> _WHAT IS EXPECTED_
The copy must hold every line from the one with "All cotton classic" through the end of the listing, word for word, and must hold no pictures.

> _PROVIDED MATERIAL_
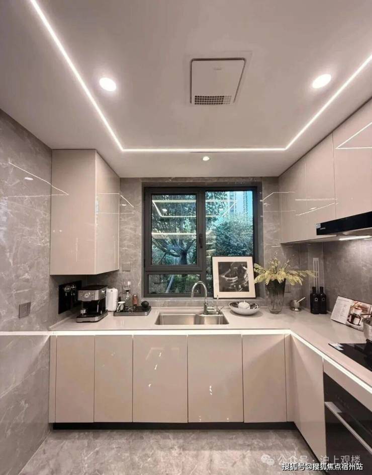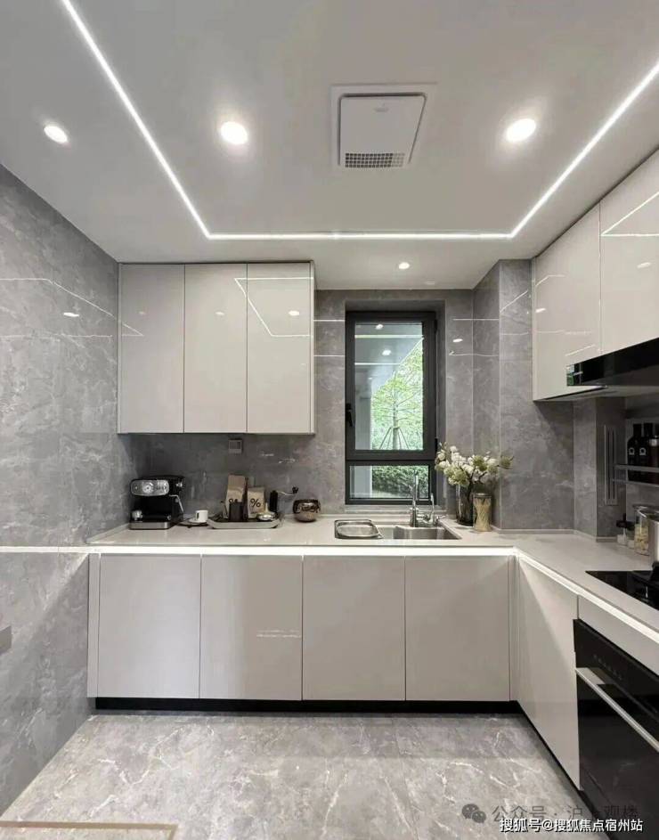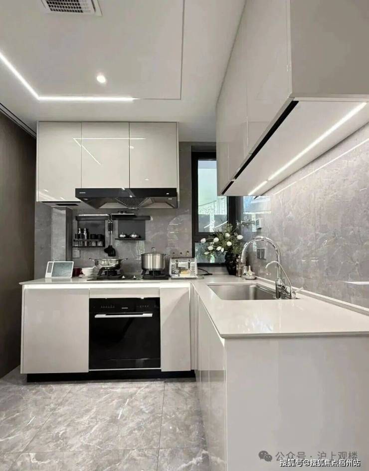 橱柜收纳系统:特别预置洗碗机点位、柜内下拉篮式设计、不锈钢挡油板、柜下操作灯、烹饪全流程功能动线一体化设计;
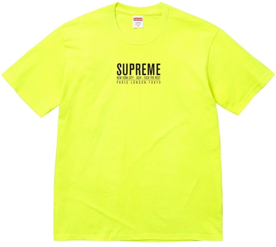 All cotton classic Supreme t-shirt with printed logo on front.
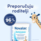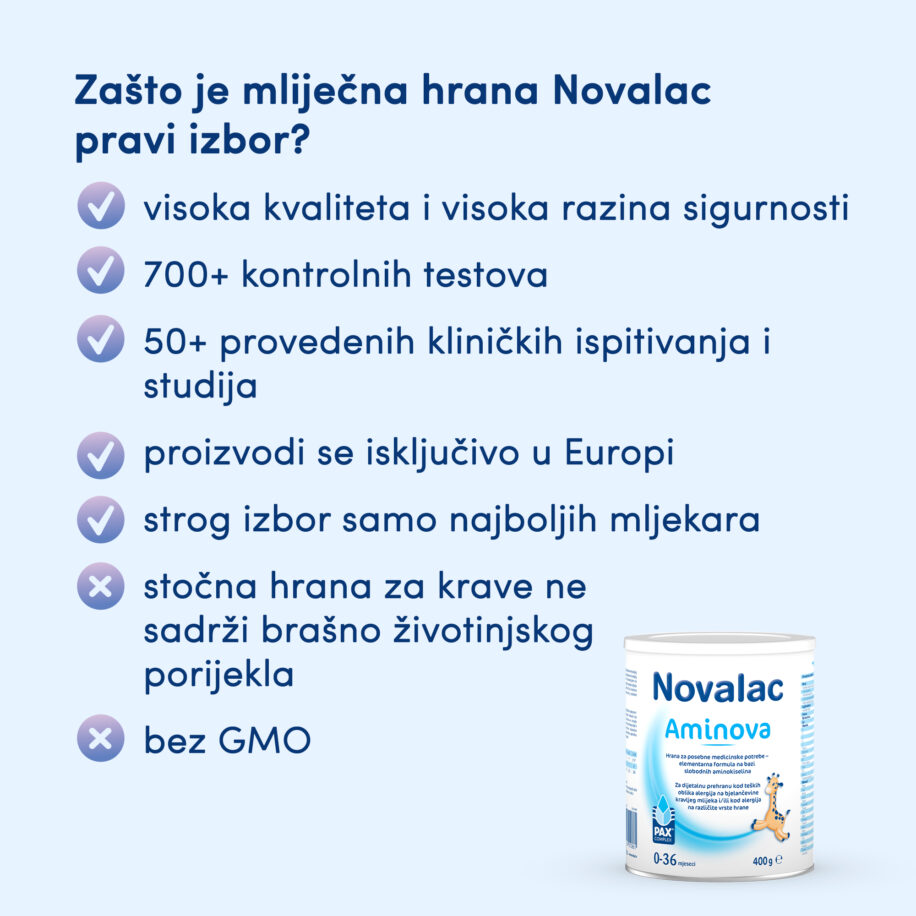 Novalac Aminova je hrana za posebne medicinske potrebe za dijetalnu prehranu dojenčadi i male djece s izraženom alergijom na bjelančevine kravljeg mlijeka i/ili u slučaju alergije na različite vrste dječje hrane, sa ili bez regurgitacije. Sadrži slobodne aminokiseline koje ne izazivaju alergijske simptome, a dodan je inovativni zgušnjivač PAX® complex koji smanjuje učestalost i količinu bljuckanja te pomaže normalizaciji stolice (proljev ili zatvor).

> _SOLUTION_
 All cotton classic Supreme t-shirt with printed logo on front.
 Novalac Aminova je hrana za posebne medicinske potrebe za dijetalnu prehranu dojenčadi i male djece s izraženom alergijom na bjelančevine kravljeg mlijeka i/ili u slučaju alergije na različite vrste dječje hrane, sa ili bez regurgitacije. Sadrži slobodne aminokiseline koje ne izazivaju alergijske simptome, a dodan je inovativni zgušnjivač PAX® complex koji smanjuje učestalost i količinu bljuckanja te pomaže normalizaciji stolice (proljev ili zatvor).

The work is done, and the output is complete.